Suele creerse que los descubrimientos de Einstein fueron sólo de naturaleza teórica; ciertamente, es el físico teórico por excelencia. Sin embargo, también han generado incontables aplicaciones prácticas, pues a toda revolución conceptual le sigue siempre una gran revolución tecnológica, algo que deberían recordar quienes insisten en que la investigación debe ser ‘práctica’. El “muy revolucionario” trabajo sobre el efecto fotoeléctrico de 1905, la gran contribución de Einstein a la naciente física cuántica y la razón de su Nobel, es la base de incontables aplicaciones. Pero la imaginación popular siempre ha vinculado a Einstein con la relatividad. En 1905 (su Annus Mirabilis) desarrolló la Relatividad Especial, que resulta imprescindible cuando intervienen velocidades muy grandes, comparables a la de la luz, donde la mecánica de Newton ya no es adecuada. Sus consecuencias (E=mc² aparte) son muy profundas, pues la relatividad modifica el carácter absoluto y separado del espacio y del tiempo newtonianos, que en ella se funden en un único espaciotiempo. Como señaló en 1908 Hermann Minkowski, antiguo profesor de Einstein en el Politécnico de Zúrich, “sólo esa unión retiene una entidad independiente”. Más aún: la ‘fuerza’, base de la mecánica de Newton, acabará cediendo su protagonismo en favor del ‘campo’. El nombre de ‘relatividad’, sin embargo, es poco feliz: la teoría resalta lo que es invariante bajo ciertas condiciones, las leyes físicas, que por tanto (y afortunadamente), no son ‘relativas’. Ortega y Gasset –que acompañó a Einstein en su visita a España en 1923- apreció enseguida este aspecto. El propio Einstein utilizó ocasionalmente Invariantentheorie, pero ya era tarde para cambiar el nombre de ‘relatividad’, ya establecido.
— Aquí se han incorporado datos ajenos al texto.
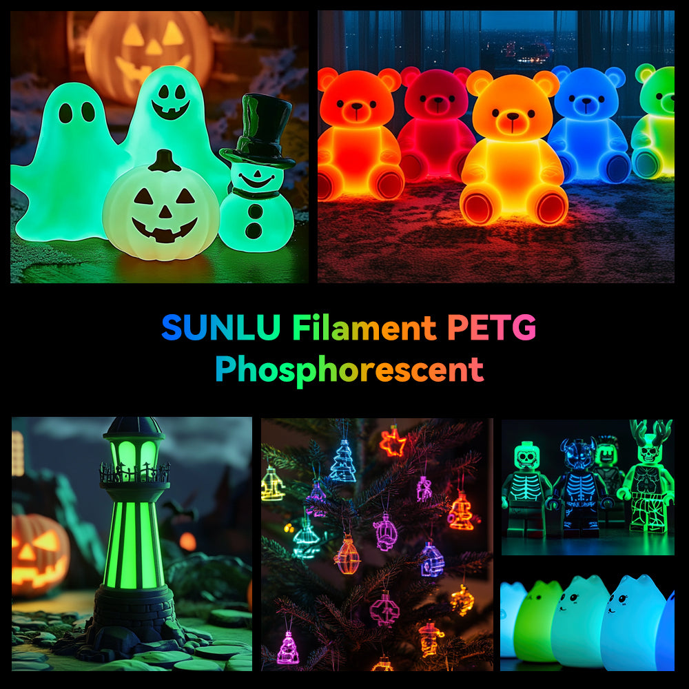 [Parfait pour les décorations de vacances] Le filament SUNLU PETG Glow crée des impressions étonnantes qui brillent dans l'obscurité, parfaites pour décorer les fêtes, les festivals et les célébrations nocturnes.Jouer une variété de propriétés qui brillent dans l'obscurité environnement peut utiliser le PETG glow-in-the-dark. Imprimez des plaques signalétiques, des enseignes, des logos, des bijoux, etc.

Sin embargo, la obra cumbre de Einstein, cuyo centenario celebramos, es la Relatividad General (RG). Conceptualmente, las ecuaciones de la RG son sencillas: geometría = materia, es decir, la distribución de materia determina la curvatura del espaciotiempo; se puede decir que la gravedad es la dinámica del espaciotiempo. Como teoría del campo gravitatorio, la RG es la base de cualquier consideración cosmológica o astronómica; por ejemplo, da cuenta del perihelio anómalo de Mercurio, inexplicable por la mecánica newtoniana. Pero también tiene consecuencias inesperadas, desde filosóficas, pues invalida el apriorismo kantiano sobre la pretendida naturaleza euclídea del espacio (y de paso cuestiona cualquier otro conocimiento a priori), hasta otras bien mundanas: la precisión del GPS sería imposible sin la RG. De hecho, si los aparatos que utilizamos indicaran el nombre del científico cuyos descubrimientos permiten su funcionamiento, el de Einstein sería omnipresente.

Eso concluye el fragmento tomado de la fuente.